With good cause, PFAS are known as “forever chemicals”—man-made substances that can take thousands of years to break down and are present in everything from water-repellent clothes to grease-resistant food packaging. These compounds have also found their way into almost half of the tap water supply in the United States.

Chemists at the New Jersey Institute of Technology have now shown off a novel lab-based technique to find levels of per- and polyfluoroalkyl substances (PFAS) in food packaging materials, water, and soil samples in three minutes or less. This research was published in the Journal of Hazardous Materials.

Researchers claim that their strategy could greatly accelerate efforts to investigate and treat the bioaccumulation of PFAS in the environment. President Biden’s Bipartisan Infrastructure Law includes more than $2 billion in EPA grant funding for states to test their water quality and treat emerging contaminants.

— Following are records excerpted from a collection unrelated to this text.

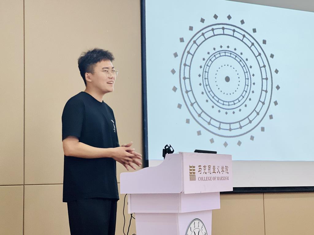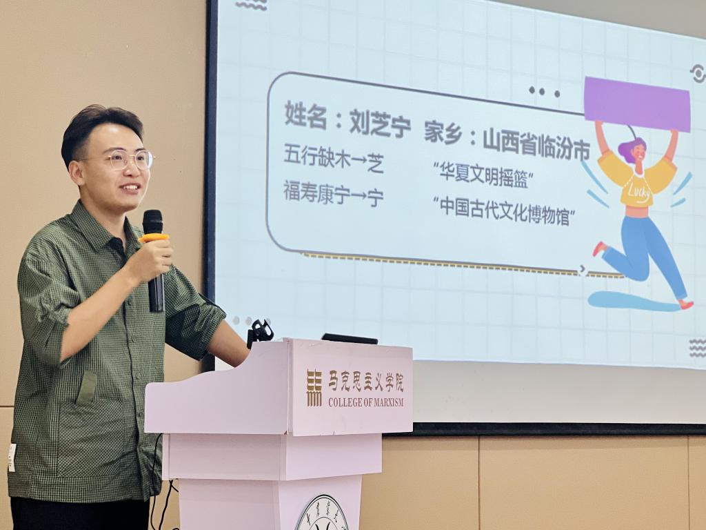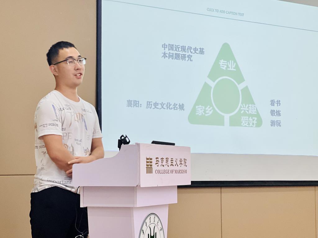2022级马克思主义基本原理专业姜子岳同学作新生代表发言,他以“星光不负赶路人,江河眷顾奋楫者”激励新生在学业上蓄力奋发,“青春无问西东,岁月自成芳华”,希望大家在奋斗中留下无悔的青春。随后,新生们作了“花样”自我介绍。蔡彤分享了在工作中的所获所感;朱富煜以轻松幽默的话语介绍了自己外冷内热的性格;胡越对三年的研究生生活进行了清晰的规划;谢人和表达了重返校园的紧张与欣喜;郭林昊借用“江畔何时初见月,江月何时初照人”一句表达时光易逝、珍惜当下。
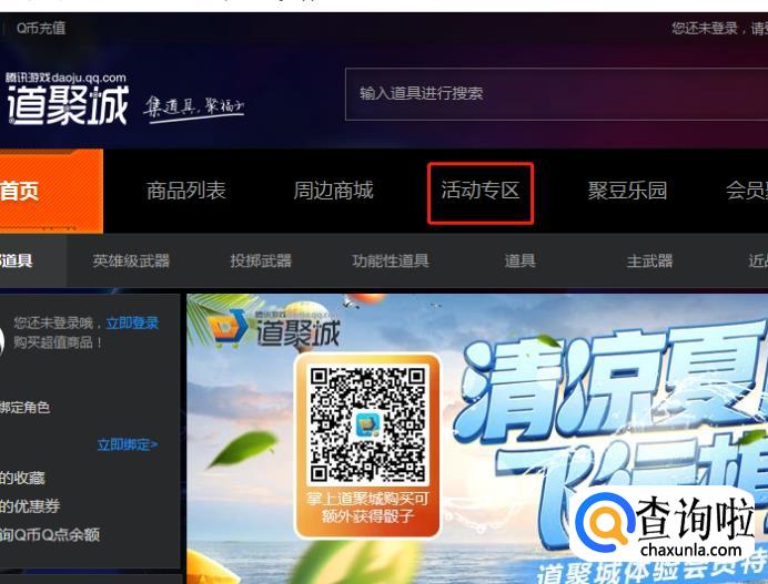 然后进入道聚城首页,点击打开页面顶端的“活动专区‘选项。
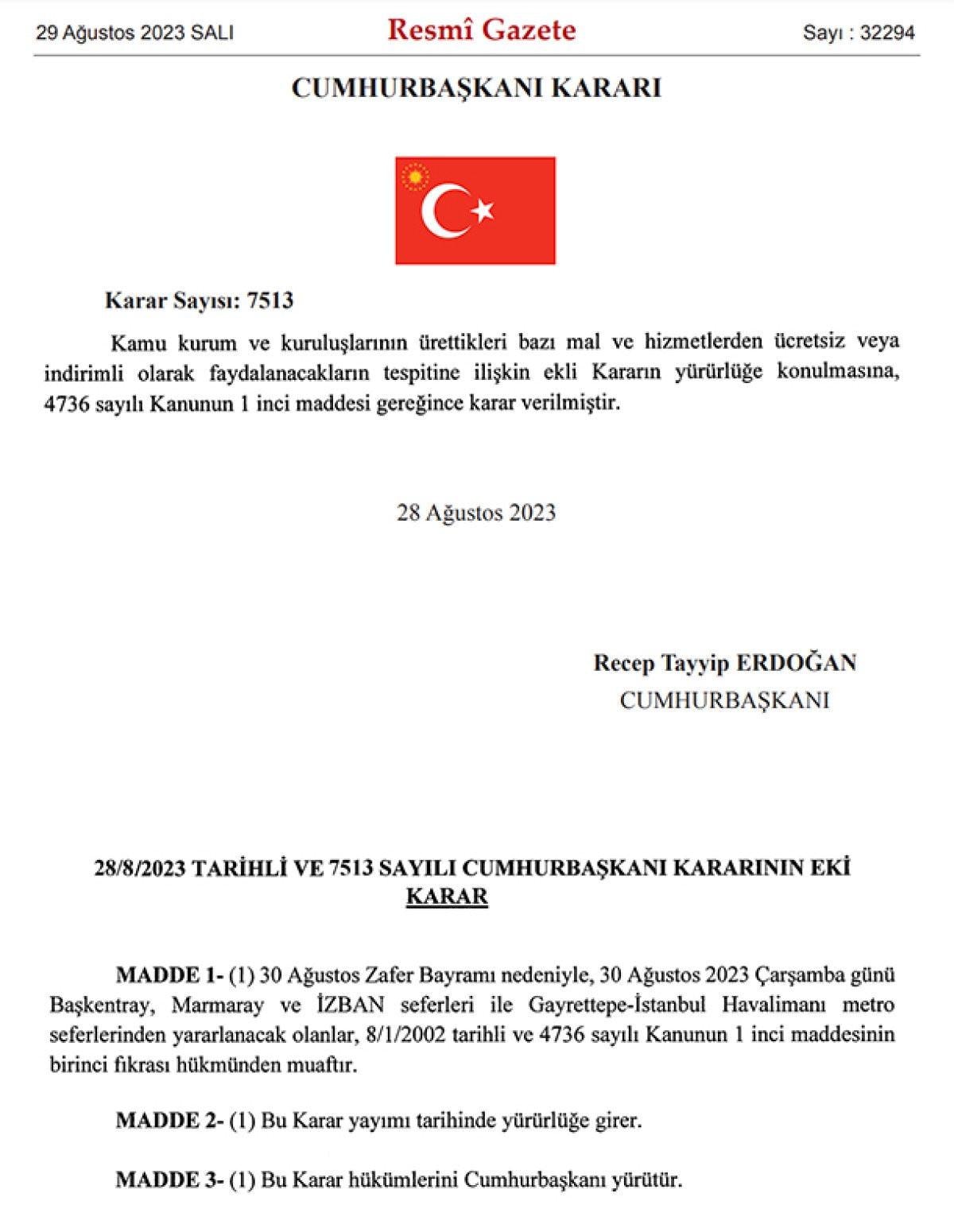 Buna göre Marmaray, Başkentray, İZBAN ve Gayrettepe-İstanbul Havalimanı Metrosu seferleri 30 Ağustos'ta ücretsiz olacak.

“There are thousands of different species of PFAS, but we’ve yet to understand the extent of their distribution in our environment because the current testing methods are costly and time-consuming, taking hours for sample preparation and analysis in some cases,” said Hao Chen, the study’s corresponding author and NJIT chemistry professor. “What our study demonstrates is a much faster, sensitive and versatile method that can monitor our drinking water, land and consumer products for contamination in minutes.”

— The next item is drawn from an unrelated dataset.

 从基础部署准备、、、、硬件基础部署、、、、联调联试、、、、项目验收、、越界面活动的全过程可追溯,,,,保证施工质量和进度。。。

Chen and colleagues say the new method—involving an ionization technique for analyzing the molecular composition of sample materials called paper spray mass spectrometry (PS-MS)—is 10–100 times more sensitive than the current standard technique for PFAS testing, liquid chromatography/mass spectrometry.

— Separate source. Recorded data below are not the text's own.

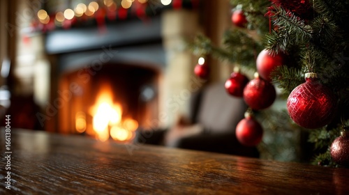 a little christmas tree adorned with red ornaments standing on a wooden desk by an open chimney
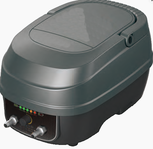 Luftpumpen skifter til batteri når strømmen går. Batteri lades igjen når stømmen er tilbake.
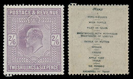 A very unusual King Edward VII 2/6d with advertising menu printed on the reverse sold for £240.
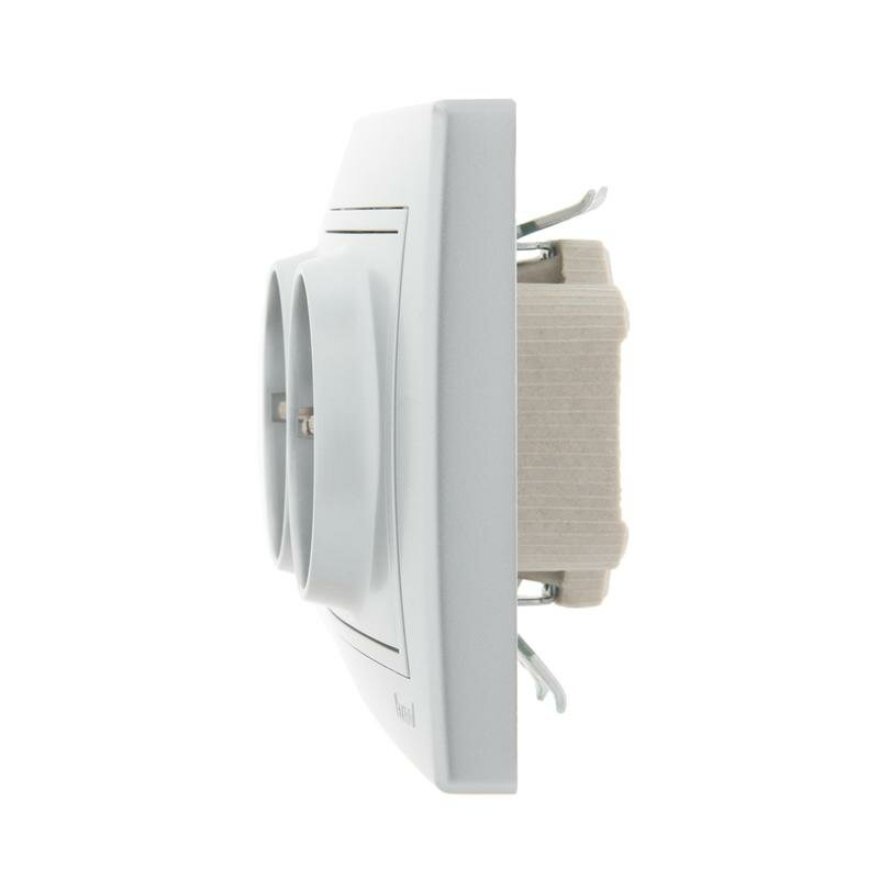 Розетка LEZARD MIRA двойная с заземлением керамика белый с серой вставкой 650 ₽

“PFAS can be ionized and rapidly detected by a high-resolution mass spectrometer, which gives a clear view of each PFAS species present and the degree of contamination down to a parts-per-trillion (ppt) level,” explained Chen.

“For more complex matrices like soil, we’ve applied a related method called desalting paper spray mass spectrometry (DPS-MS) that washes away salts which normally suppress the ion signal of PFAS. Together, they greatly improve our ability to detect these compounds.”

“We detect PFAS to a limit of about 1ppt. This amount has been compared, for context, to a drop of water in twenty Olympic-sized swimming pools “Md. Tanim-Al Hassan, the first author of the paper and a NJIT Ph.D. chemical student, continued.

Through direct analysis of fragments of different food packaging materials, such as microwave popcorn paper, instant noodle boxes, and fry and burger packaging from two international fast food chains, the researchers was able to identify PFAS in tests in under a minute.

Eleven distinct PFAS chemicals were detected in trace amounts, according to the investigation. These included typical forms like PFOA (perfluorooctanoic acid) and PFOS (perfluorooctanesulfonic acid), which have been connected to higher cancer risk and immune system suppression.

During their water examination, the researchers found no evidence of PFAS in samples obtained from the university’s filtered fountain water, but they did identify traces of PFOA in samples of local tap water in less than two minutes.

“The EPA has already proposed to establish maximum contamination levels (MCLs) for six PFAS in drinking water nationwide, and PFOA and PFOS are among them,” said Mengyan Li, study co-author and NJIT associate professor of environmental sciences. “This analytical method could facilitate more intensive screenings for toxic PFAS that may be needed under such a proposal to protect the safety of our water supply.”

The team also found two PFAS species using DPS-MS, finding them in less than three minutes from as little as 40 mg of soil.

The team’s quick detection approach is currently being evaluated in tandem with state-of-the-art PFAS remediation solutions being developed at NJIT’s BioSMART Center.

Study co-author and chair of NJIT’s Department of Chemistry and Environmental Sciences Wunmi Sadik said, “Remarkably, in our lab we were able to couple this analytical method to a novel degradation catalyst, which degrades 98.7% of PFAS in drinking water samples within three hours.”

“This work may have a national impact, but the immediate effect will be felt in the Northeast area. Roughly 10% of 9.2 million New Jerseyans have high levels of perfluorooctanoic acid in their drinking water compared to the national average of 1.9%.”

According to Chen, the development may potentially have an immediate effect on the monitoring of consumer goods, including fresh and processed meals, medications, and cosmetics. The group also intends to show off the method’s ability to monitor air quality.

“Near term, this could be extremely useful for ensuring the safety of food products … it may allow farming produce to be more efficiently monitored for PFAS contamination for example,” explained Chen. “Our method may also advance the study of airborne PFAS in a similar way to what we’ve demonstrated in this study, which would further help us address this widespread environmental issue.”